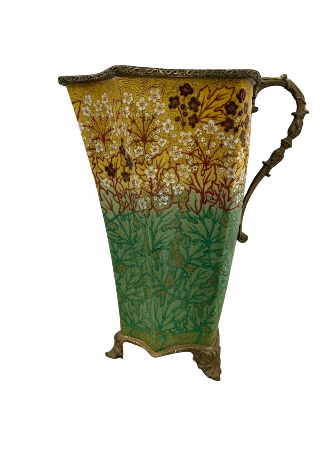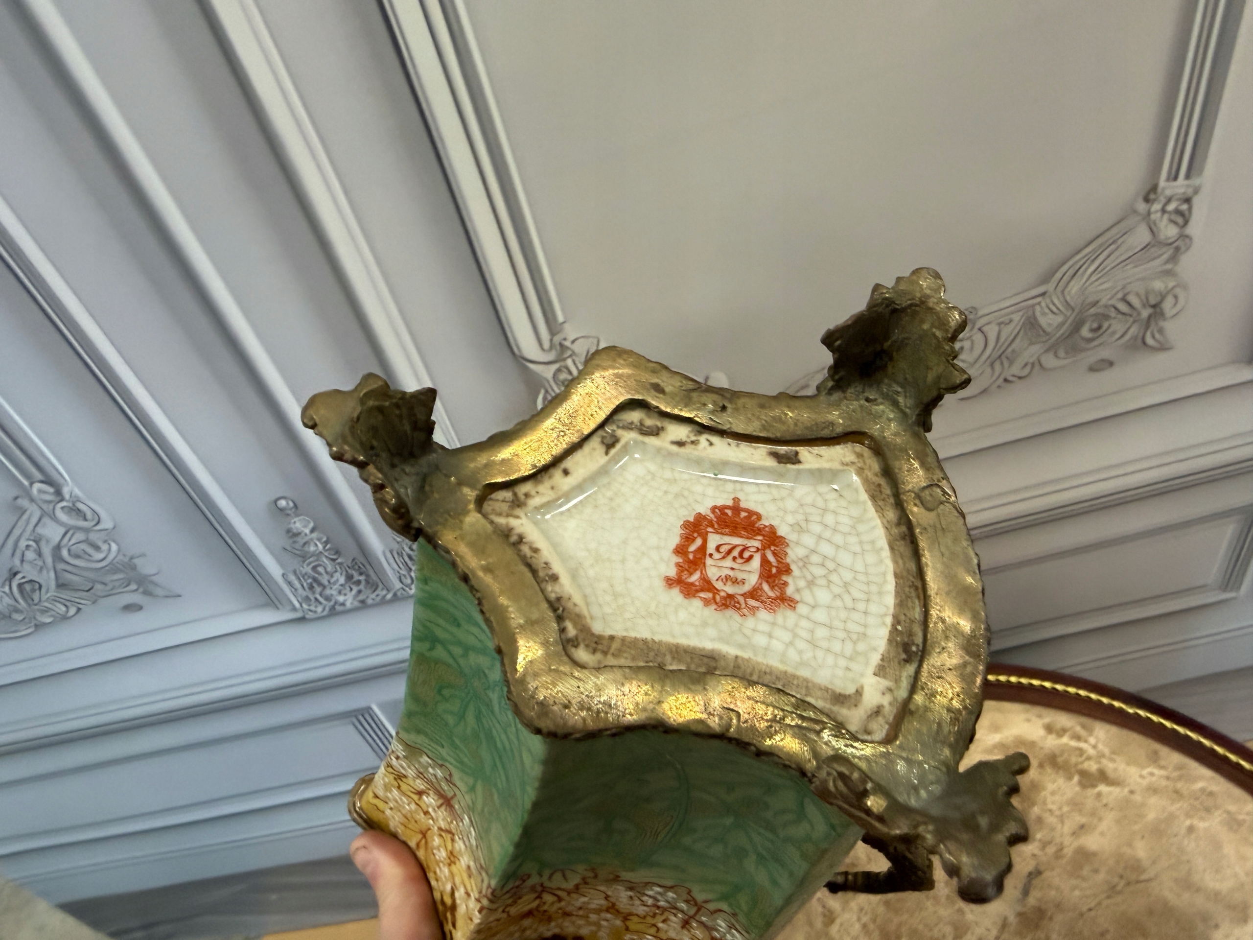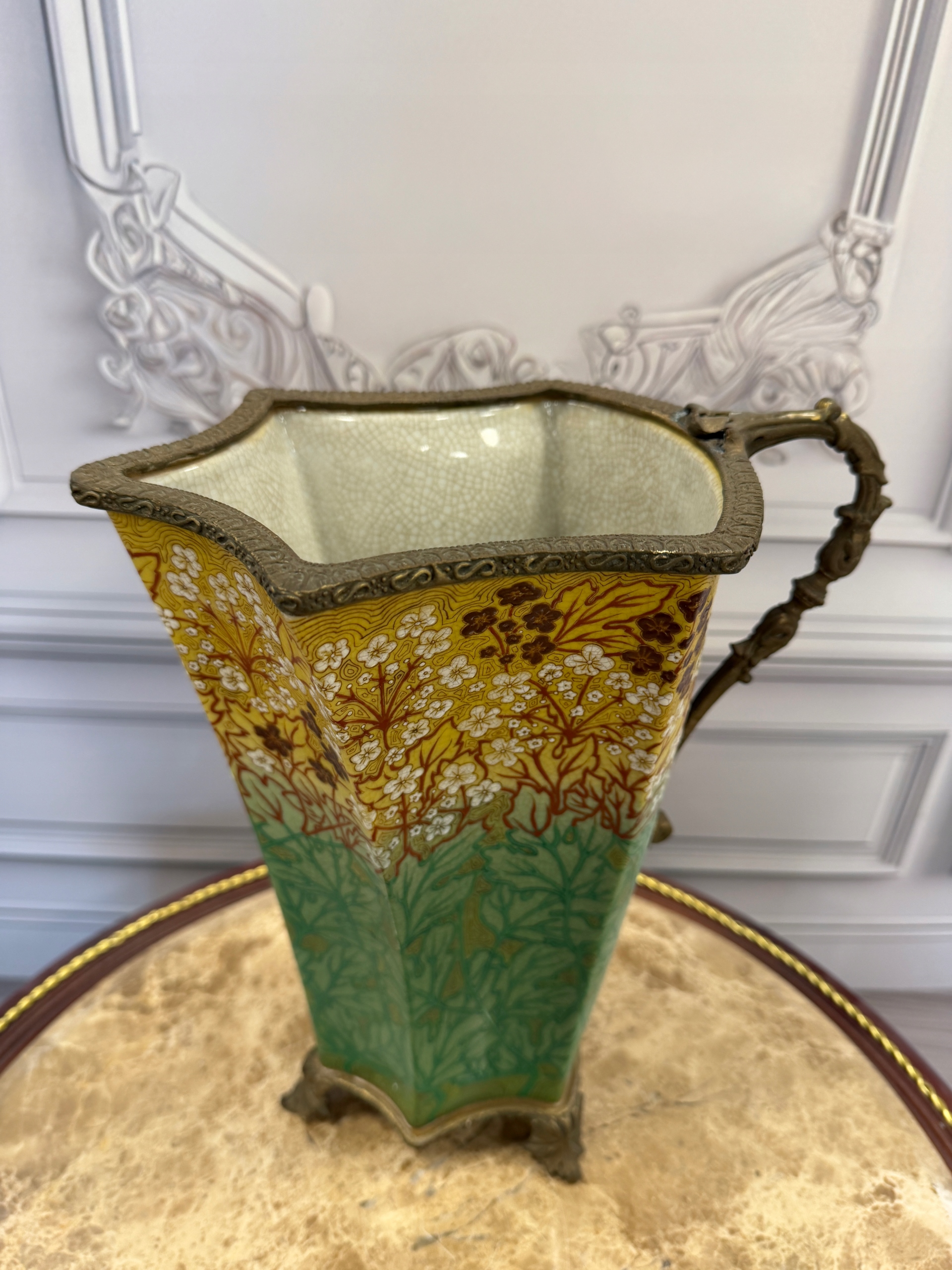 Zielono – żółty Wazon – porcelana zdobiona brązem!
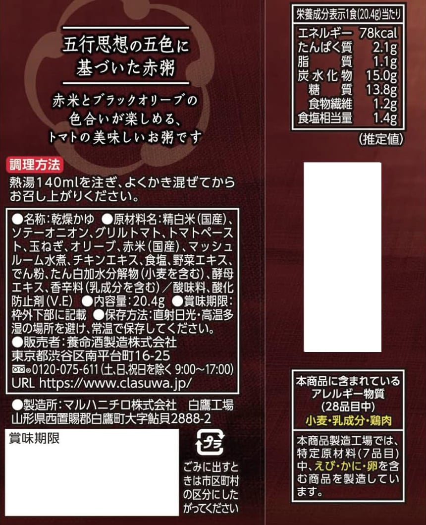 【シリーズ全体の特徴】養命酒製造オリジナルレシピの健康粥です。フリーズドライで約1分のカンタン調理。お手軽ながらもつぶつぶ素材とゴロゴロ野菜の食べごたえ。時短でもおいしく食事したい方や趣味に時間を費やすアクティブシニアにおすすめ。小腹が空いたときの夜食や飲みの〆にも最適。一食当たり70~80kcal(フレーバーにより異なります)なのでカロリーコントロールにもお役立ていただけます。
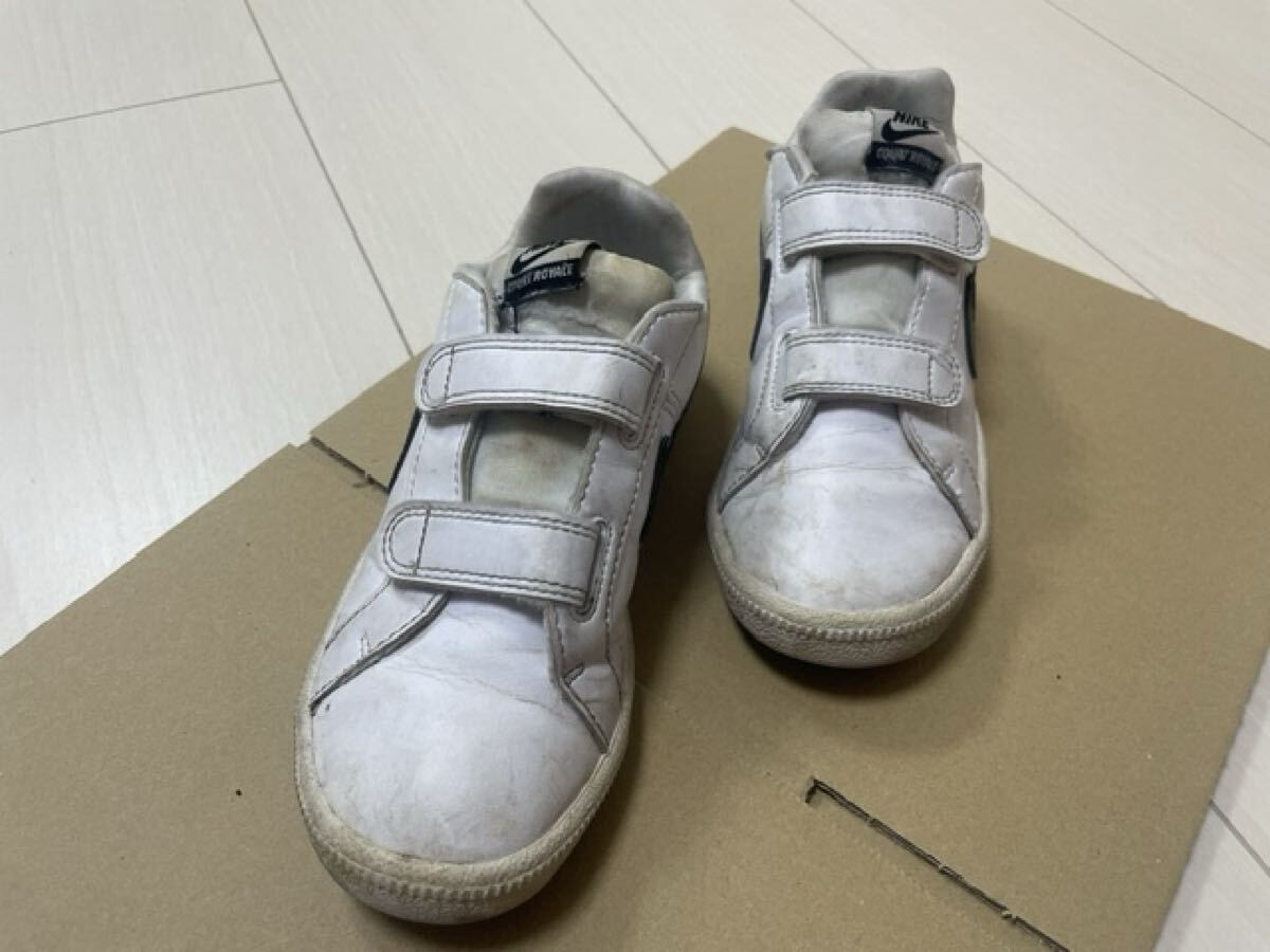 一部スニーカーは、名前を記入していたためマジックで塗りつぶしています。
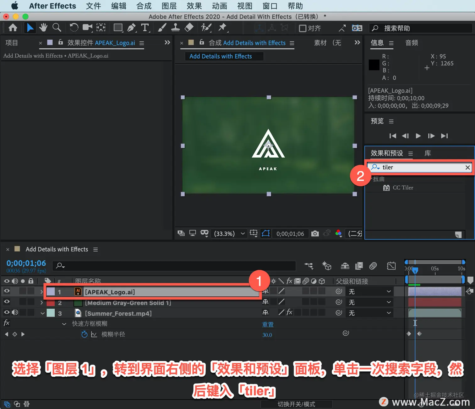 选择「图层 1」,转到界面右侧的「效果和预设」面板,单击一次搜索字段,然后键入「tiler」,随即弹出扭曲滤镜「CC Tiler 」。
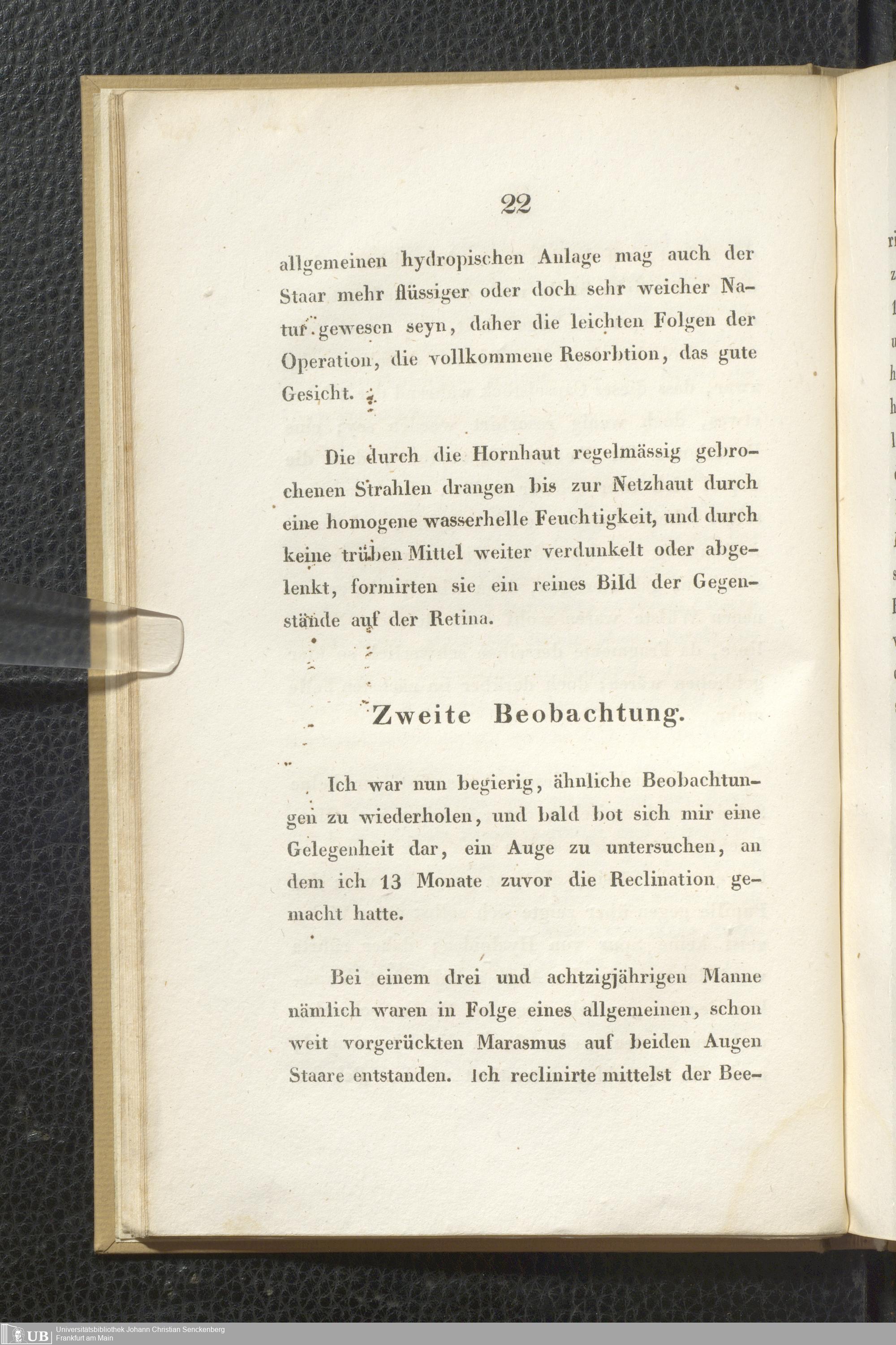 Soe 37 - Beobachtungen über die organischen Veränderungen im Auge nach Staaroperationen. Meinem hochverehrten und innigst geliebten Vater Samuel Thomas von Soemmerring am 7ten April 1828 dem festlichen Tage seines fünfzigjährigen Doctorjubiläums überreicht
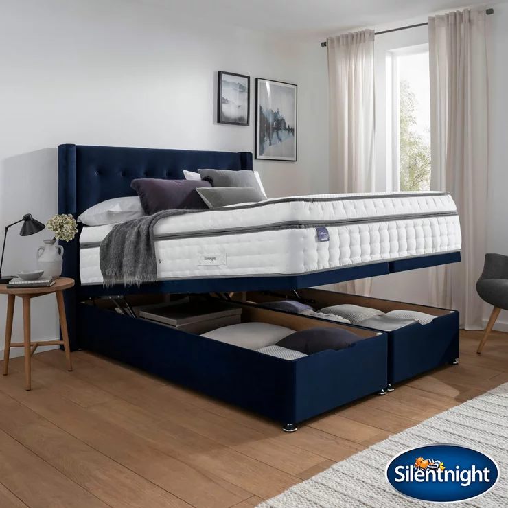 Silentnight Velvet Full Ottoman Divan Base with Bloomsbury Headboard in 2 Colours & 3 Sizes
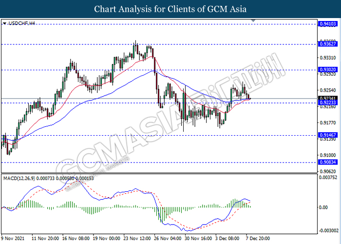 20211208 USDCHF-午间 by keyk | Dec 8, 2021 | 美元兑瑞士法郎 | 0 comments USDCHF,H4: 美瑞高位承压回落,目前测试前期支撑。MACD多头动能略减,若突破可继续看空为主。上方关注0.9300压力和0.9360压力,下方关注0.9225支撑和0.9145支撑。
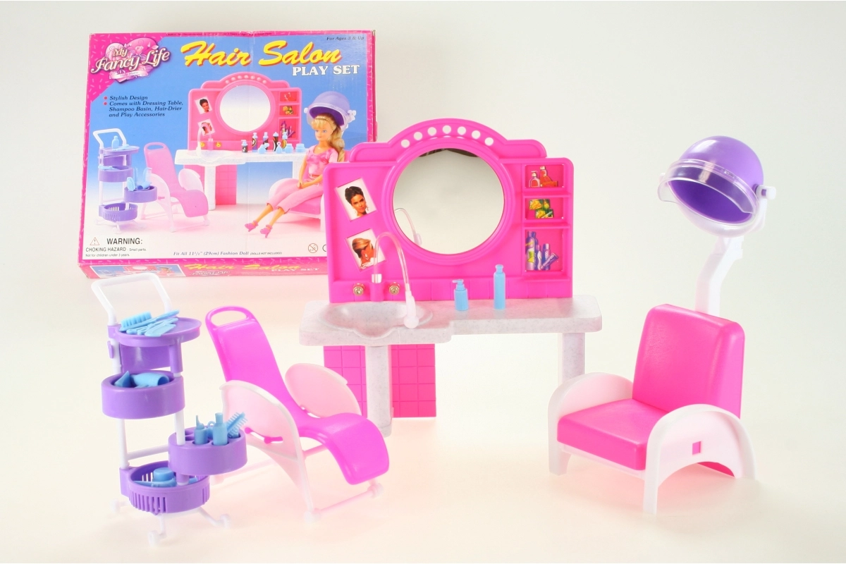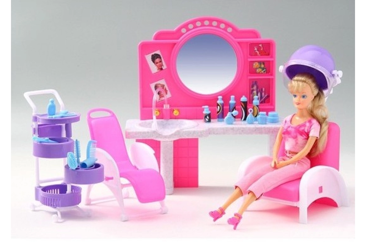 Richten Sie sich zu Hause einen kleinen Friseursalon mit dem Spielset Glorie Friseursalon ein. Kinder können in die Rolle der Friseurin schlüpfen, die Haare ihrer Lieblingspuppen stylen und dabei Fantasie sowie Feinmotorik fördern. Realistische Elemente wie die Frisierkommode mit Spiegel und Waschbecken, Friseurstühle und eine Haartrocknerhaube (dekorativ, nicht funktionsfähig) verleihen dem Spiel eine authentische Note.

### [Your assignment]
Could the material above be given again in full and exactly, with its pictures left out?

### [Your solution]
 Zielono – żółty Wazon – porcelana zdobiona brązem!
 【シリーズ全体の特徴】養命酒製造オリジナルレシピの健康粥です。フリーズドライで約1分のカンタン調理。お手軽ながらもつぶつぶ素材とゴロゴロ野菜の食べごたえ。時短でもおいしく食事したい方や趣味に時間を費やすアクティブシニアにおすすめ。小腹が空いたときの夜食や飲みの〆にも最適。一食当たり70~80kcal(フレーバーにより異なります)なのでカロリーコントロールにもお役立ていただけます。
 一部スニーカーは、名前を記入していたためマジックで塗りつぶしています。
 选择「图层 1」,转到界面右侧的「效果和预设」面板,单击一次搜索字段,然后键入「tiler」,随即弹出扭曲滤镜「CC Tiler 」。
 Soe 37 - Beobachtungen über die organischen Veränderungen im Auge nach Staaroperationen. Meinem hochverehrten und innigst geliebten Vater Samuel Thomas von Soemmerring am 7ten April 1828 dem festlichen Tage seines fünfzigjährigen Doctorjubiläums überreicht
 Silentnight Velvet Full Ottoman Divan Base with Bloomsbury Headboard in 2 Colours & 3 Sizes
 20211208 USDCHF-午间 by keyk | Dec 8, 2021 | 美元兑瑞士法郎 | 0 comments USDCHF,H4: 美瑞高位承压回落,目前测试前期支撑。MACD多头动能略减,若突破可继续看空为主。上方关注0.9300压力和0.9360压力,下方关注0.9225支撑和0.9145支撑。
 Richten Sie sich zu Hause einen kleinen Friseursalon mit dem Spielset Glorie Friseursalon ein. Kinder können in die Rolle der Friseurin schlüpfen, die Haare ihrer Lieblingspuppen stylen und dabei Fantasie sowie Feinmotorik fördern. Realistische Elemente wie die Frisierkommode mit Spiegel und Waschbecken, Friseurstühle und eine Haartrocknerhaube (dekorativ, nicht funktionsfähig) verleihen dem Spiel eine authentische Note.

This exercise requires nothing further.